*** Opening of Task inputs ***

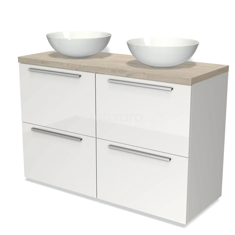 Modulo Plato Badmöbel mit Aufsatzwaschbecken | 120 cm Hochglanz Weiß Flach front Hellgraue Eiche blatt 4 hohe Schubladen
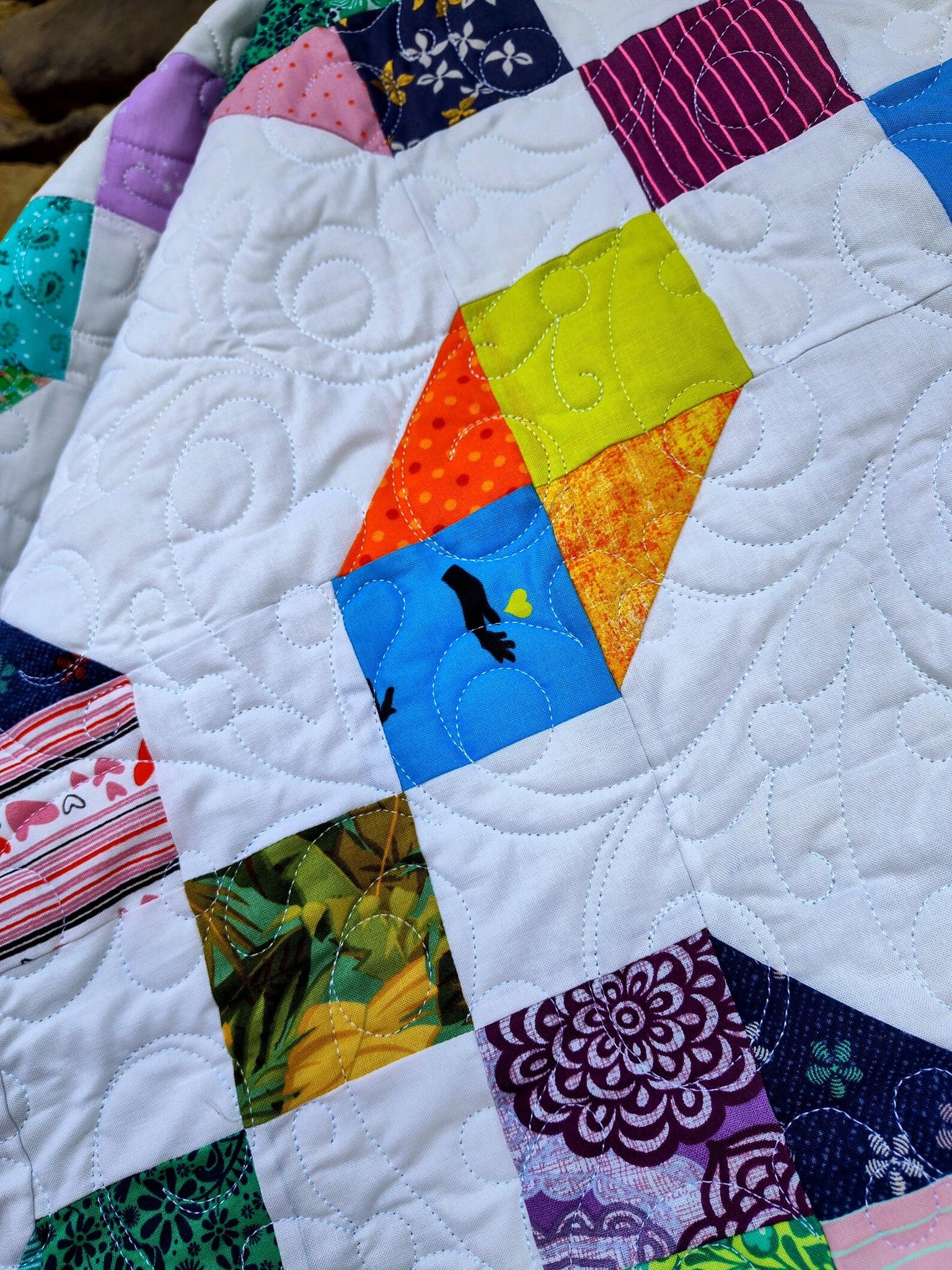 White background and happy bright scrappy stars. Beautiful quilt for a kid’s or teen’s room, modern fresh look.
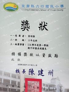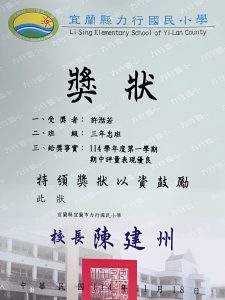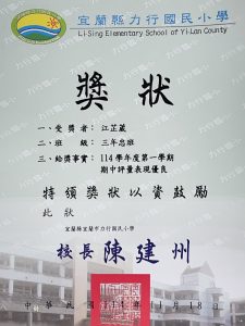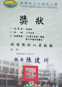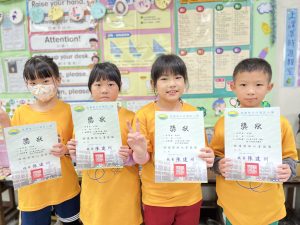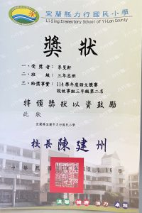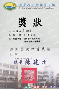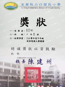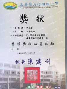 恭喜湉若榮獲三年級硬筆字第一名,旻軒榮獲三年級說故事第二名
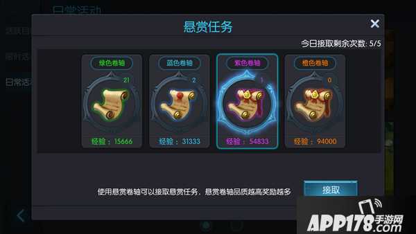 5、悬赏任务每天放在后面才做,因为游戏活动可以获取悬赏卷轴,我们每天要做的是保证在有5个卷轴可用的情况下把多余的卷轴尽可能的合成高级,等其它活动都做完再根据一天获得的悬赏卷轴数量进行合成,这样能获取更多经验。
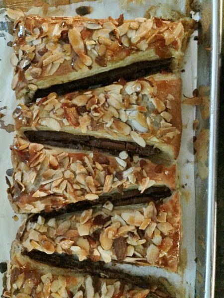 4. À l’aide d’un couteau bien aiguisé, faire des coupes, environ tous les 4 pouces, en diagonale en zigzag, d’un côté à l’autre, pour former des triangles comme indiqué sur la photo. Répartir généreusement les amandes effilées sur le blanc d’œuf mouillé. Cuire le four préchauffé jusqu’à ce qu’il soit doré, environ 35 à 40 minutes.
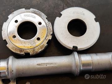 Vendo guarnitura corona unica 42 denti + movimento centrale marca magistroni. Componentistica d'epoca in condizione ni estetiche molto buone, con pochi segni d'usura. Ideale per sostituzione o allestimento di bici d'epoca di prestigio. Pedivelle, perno e calotte movimento centrale marchiati. Si possono vedere al mio domicilio, posso spedire a vostro carico.

*** Close of Task inputs ***

§ Directions
Your output should be the lines above from the one that contains "White background and" through the one that contains "5、悬赏任务每天放在后面才做", word for word, with pictures left out.

§ Answer section
 White background and happy bright scrappy stars. Beautiful quilt for a kid’s or teen’s room, modern fresh look.
 恭喜湉若榮獲三年級硬筆字第一名,旻軒榮獲三年級說故事第二名
 5、悬赏任务每天放在后面才做,因为游戏活动可以获取悬赏卷轴,我们每天要做的是保证在有5个卷轴可用的情况下把多余的卷轴尽可能的合成高级,等其它活动都做完再根据一天获得的悬赏卷轴数量进行合成,这样能获取更多经验。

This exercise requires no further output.